# Addition
2+3
[1] 5
#Subtraction
2-5
[1] -3
# Exponentiation
5^3
[1] 125
# Logarithms
log(10)
[1] 2.302585
log(2.72,base = 2.72)
[1] 1
log10(10)
[1] 1
log10(100)
[1] 2
log(10, base =5)
[1] 1.430677
#Batting Average=(No. of Hits)/(No. of At Bats)
#What is the batting average of a player that bats 29 hits in 112 at bats?
BA=(29)/(112)
BA
[1] 0.2589286
Batting_Average=round(BA,digits = 3)
Batting_Average
[1] 0.259
# Question_1: Compute the log base 5 of 10 and the log of 10
log(10, base = 5) # log base 5 of 10
[1] 1.430677
log(10) # natural log of 10
[1] 2.302585
#Question_2:What is the batting average of a player that bats 42 hits in 212 at bats?
BA=(42)/(212)
Batting_Average=round(BA,digits = 3)
Batting_Average
[1] 0.198
#On Base Percentage
#OBP=(H+BB+HBP)/(At Bats+BB+HBP+SF)
#Let us compute the OBP for a player with the following general stats
#AB=515,H=172,BB=84,HBP=5,SF=6
OBP=(172+84+5)/(515+84+5+6)
OBP
[1] 0.4278689
On_Base_Percentage=round(OBP,digits = 3)
On_Base_Percentage
[1] 0.428
#Question_3:Compute the OBP for a player with the following general stats:
#AB=565,H=156,BB=65,HBP=3,SF=7
#OBP=(H+BB+HBP)/(At Bats+BB+HBP+SF)
OBP=(156+65+3)/(565+65+3+7)
On_Base_Percentage=round(OBP,digits = 3)
On_Base_Percentage
[1] 0.35
3 <= 8# Is 3 less than or equal to 8?
[1] TRUE
3>=5
[1] FALSE
3==5
[1] FALSE
!FALSE
[1] TRUE
!TRUE
[1] FALSE
# Combination of statements
2 < 3 | 1 == 5 # 2<3 is True, 1==5 is False, True OR False is True
[1] TRUE
2>3|2==3
[1] FALSE
2>1 & 3>=3
[1] TRUE
2>1 & 3>=4
[1] FALSE
Total_Bases <- 6 + 5
Total_Bases*3
[1] 33
ls()
[1] "BA" "bar" "barsample"
[4] "Batting_Average" "game_day" "getMode"

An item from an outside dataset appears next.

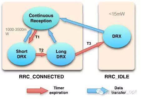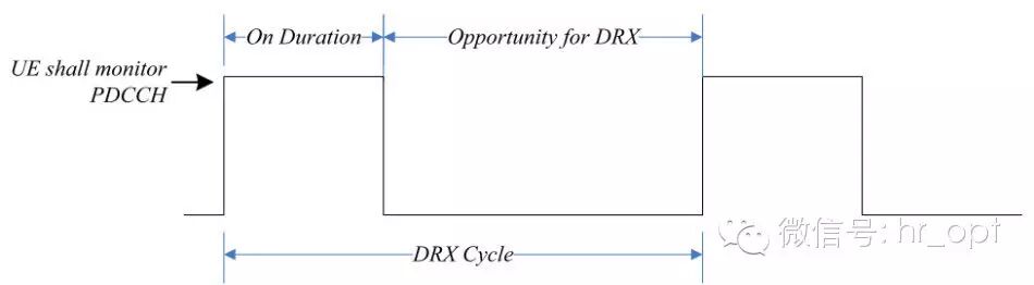 我們IDLE狀態(tài)開始,順時針方向來分析上圖。 1. IDLE狀態(tài)下,手機關(guān)閉無線發(fā)射。當(dāng)開始傳送數(shù)據(jù)時,手機會開啟無線發(fā)射,手機狀態(tài)從IDLE轉(zhuǎn)移到CELL_DCH狀態(tài),這一狀態(tài)轉(zhuǎn)移有2s時延。 2. 手機處于CELL_DCH狀態(tài)時,表示手機正在傳送或接收數(shù)據(jù)。當(dāng)數(shù)據(jù)傳送結(jié)束,手機會保留CELL_DCH狀態(tài)5秒,以備還有后續(xù)數(shù)據(jù)要傳。這個5秒鐘的空閑時間我們稱之為DCH tail。 3. 假如5秒內(nèi)沒有續(xù)傳數(shù)據(jù),手機會轉(zhuǎn)移至共享信道FACH,這叫CELL_FACH狀態(tài)。CELL_FACH狀態(tài)下,手機只傳送信令或少量數(shù)據(jù),如果有更多數(shù)據(jù)內(nèi)容需要傳送,手機會重新轉(zhuǎn)移至CELL_DCH狀態(tài)。 4. 在進入CELL_FACH狀態(tài)12秒后,如果沒有數(shù)據(jù)傳送,手機將轉(zhuǎn)移至IDLE狀態(tài),關(guān)閉無線發(fā)射。 現(xiàn)在,我們來看一看LTE狀態(tài)機運行情況。 LTE RRC狀態(tài)與手機耗電的關(guān)系 LTE的RRC狀態(tài)相對簡化,只有兩種:RRC_IDLE和RRC_CONNECTED。 基于包的數(shù)據(jù)流通常是突發(fā)性的,在沒有數(shù)據(jù)傳輸?shù)臅r候,可以通過關(guān)閉UE的接收電路來降低功耗,從而提升電池使用時間,為此,LTE采用DRX(Discontinuous Reception,不連續(xù)接收)技術(shù)。 DRX的基本機制是為UE配置一個DRX cycle。DRX cycle由“On Duration”和“Opportunity for DRX”組成:在“On Duration”的時間內(nèi),UE監(jiān)聽并接收PDCCH(激活期);在“Opportunity for DRX”時間內(nèi),UE不接收下行信道的數(shù)據(jù)以節(jié)省功耗(休眠期)。

[7] "hits_per_9innings" "n" "OBP"
[10] "On_Base_Percentage" "pitches_by_innings" "player_positions"
[13] "runs_per_9innings" "sals" "samplerows"
[16] "strikes_by_innings" "Total_Bases" "x"
rm(Total_Bases)
ls()
[1] "BA" "bar" "barsample"
[4] "Batting_Average" "game_day" "getMode"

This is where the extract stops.